The township points to its real growth that is producing overall higher assessment and increased tax dollars.

“The township was excited to learn of our positive population growth, and we hope this will continue. However new homes equates to more services required, which results in additional expenses,” said Mayor Jim Bancroft. “South Stormont’s infrastructure commitments, especially in anticipation of receiving an updated Asset Management Plan, are enormous. Infrastructure investment is essential. There are a lot of capital assets requiring attention and, quite frankly, not enough federal and provincial dollars to assist us.”

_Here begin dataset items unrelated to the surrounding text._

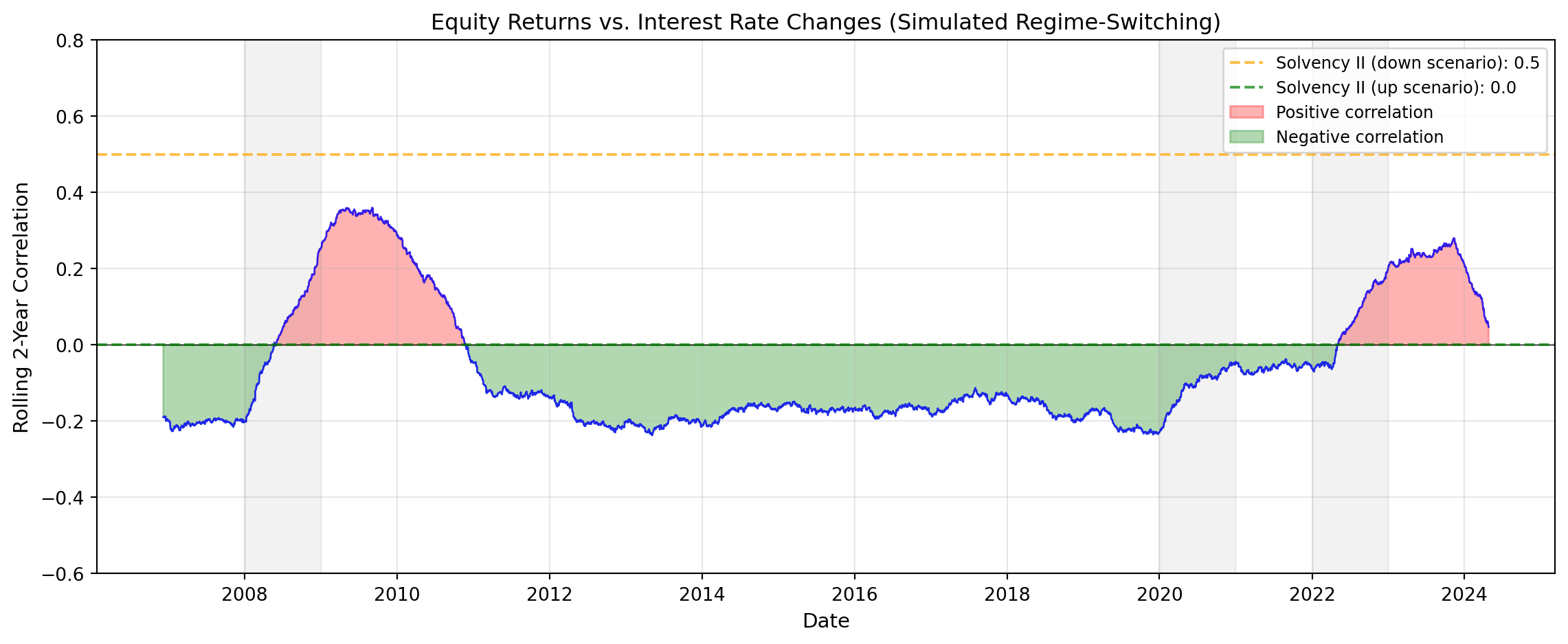 This simulation captures the key empirical observation: equity-rate correlations are regime-dependent. In normal markets, there’s often a negative correlation (rates up = equities up, reflecting economic growth). During crises, the correlation turns positive (rates down + equities down, reflecting flight-to-quality and risk-off dynamics). This justifies Solvency II’s scenario-dependent approach.
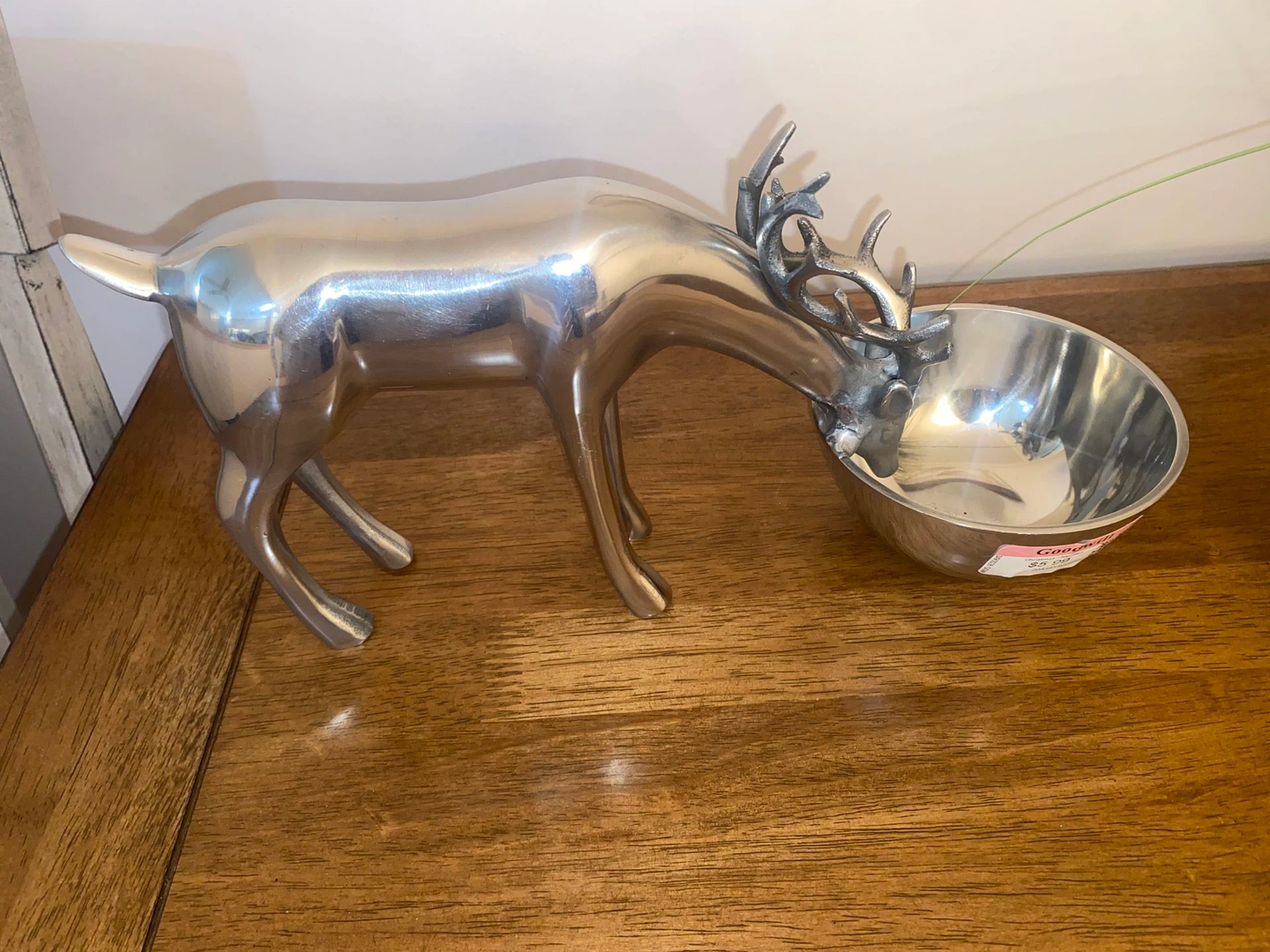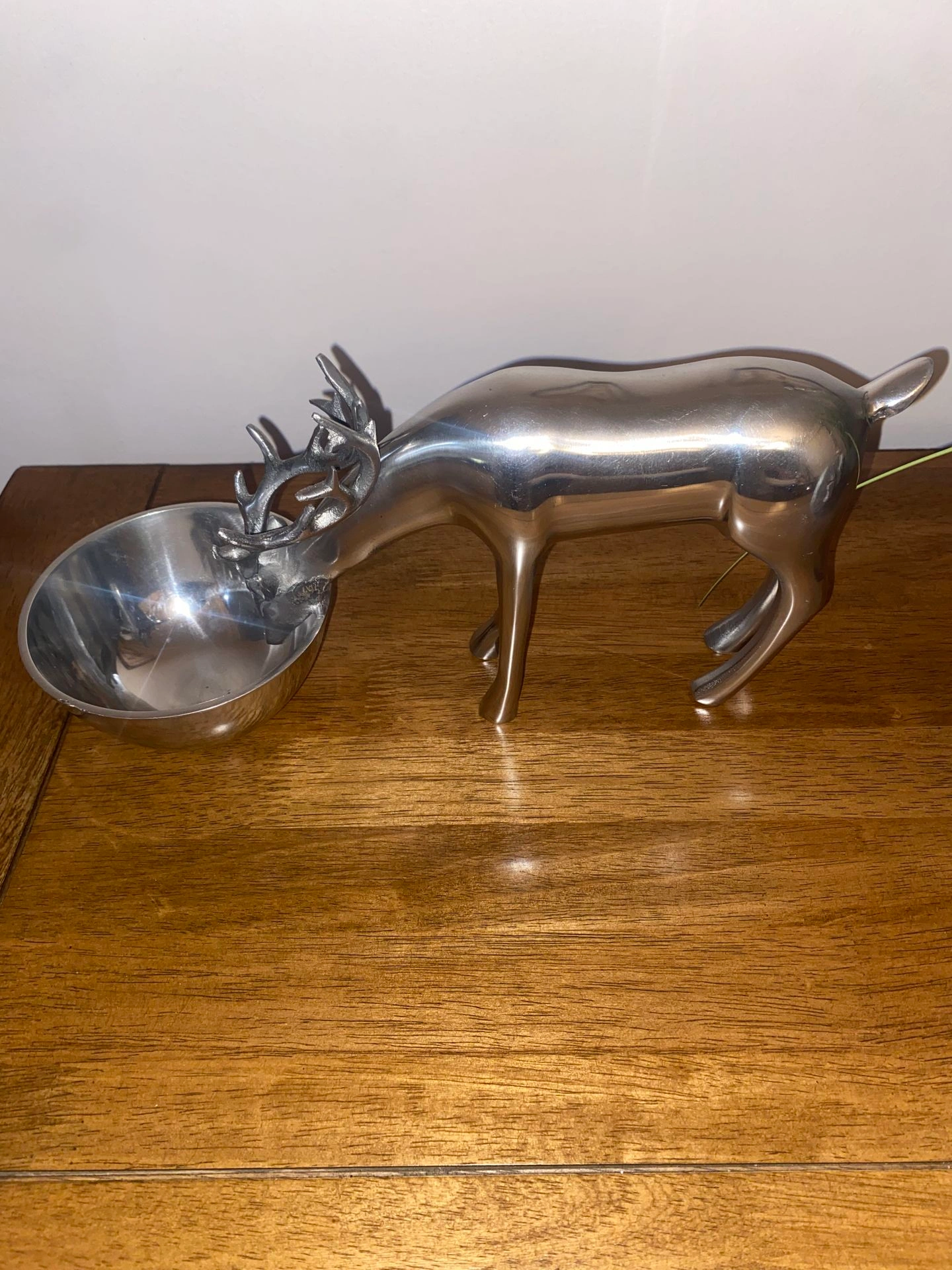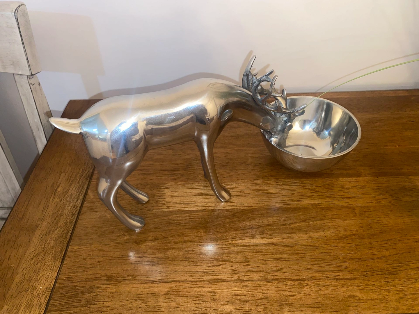 Aspen Metal Figural Stag Deer Snack Nut Bowl or Candy Dish. Crafted in India with a polished finish, this silver bowl features a beautifully designed stag and deer figurine that will complement any decor. Measuring 6 inches in height, 13 inches in length, and 4 1/2 inches in width, this snack/candy bowl is perfect for serving your guests or as a gift. Clean with a dry cloth to maintain its shine for years to come. Pickup in Orland Park or Countryside.
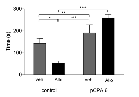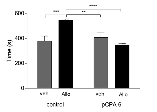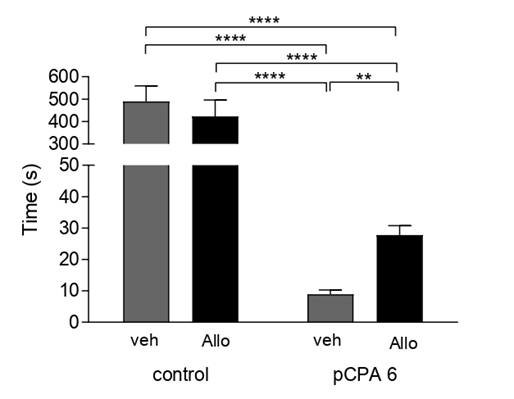 Figure 4: Effect of Allo on Social Behavior: Results are expressed as mean ±SEM of social time in second in control veh (n=10); control allo (n=11); pCPA veh (n=9) and pCPA Allo (n=15). *p<0.05; **p<0.01; ***p<0.001; ****p<0.0001 for one way ANOVA.
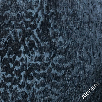 The Regis pillow cover combines the plush hand of soft textured chenille with a navy blue leopard skin pattern.
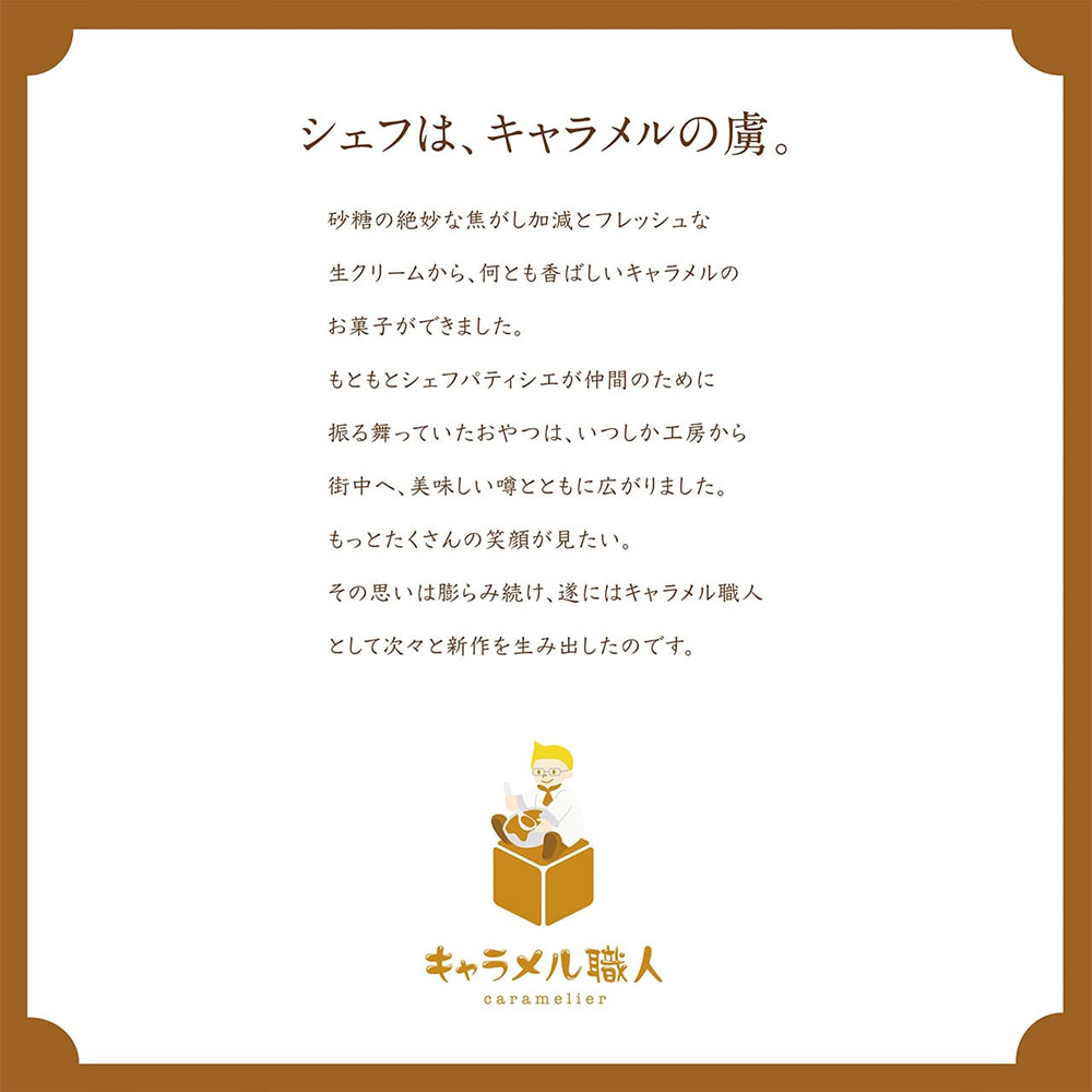 サクサクのデニッシュに、香ばしいキャラメルクリームをたっぷりコーティング。プレーンなキャラメルと、ほろ苦いコーヒーキャラメルの2種類を詰め合わせました。甘さとビターのバランスが楽しめる、贈りものにもぴったりのセットです。※システム上、「のし・掛け紙」はご選択いただけませんが、ご希望の場合は店頭にて承ります。

The 2017 municipal budget includes routine operational expenses and socks away additional dollars for reserves. 

On the capital expenditure side, the township plans the following projects:

  • $1.7-million to construct a new St. Andrews West Fire Station, without any outside funding sources;
  • 2017 equipment purchases including new Public Works loader;
  • $1.883-million Road works include sidewalk replacement, Fairground Drive and Cedar Street culverts, Woodlands Road, Anderson Road West, MacMillan Bridge approach slabs, Mille Roches Road, Sunset Drive on Moulinette Island and capital street lighting for a total capital investment of . Federal gas tax funds and provincial formula OCIF funding will assist with these capital projects;
  • $322,000 for planning projects to develop lands for sale; 
  • $501,223 for Parks and Recreation arena renovations, further development of the Ingleside Community Park, an accessible lift for the St. Andrews West pool, and automatic doors for the Ingleside and Long Sault Libraries;
  • Capital upgrades for the township’s five Water and Wastewater Plants, and more significantly, an Ingleside Sewer Capacity Study;
  • Continuation of the Community Improvement Plan (CIP) program offered to business owners, an initiative that spurred $860,000 of private investment last year; 
  • A new HD camera with audio in the Council Chambers to further promote the township’s accountability and transparency measures.

The township will also apply an innovative surface treatment — called Fog Seal — to a 1.9-km stretch of Anderson Road. Fog seal is a surface treatment overlay consisting of an emulsion and fine aggregate. It extends the life of the road surface by adhering to the stone that snow plows would typically kick out or loosen in the winter, adding strength and longevity. There is also an aesthetic appeal in that it closely resembles asphalt in finished appearance.

Director of Public Works Ross Gellately said, “This is a new treatment in South Stormont and as far as I know has not been used in SD&G previously.”

Ratepayers are assured the level of service for 2017 remains status quo, according to a township press release. The 2017 budget documents are available on South Stormont’s website.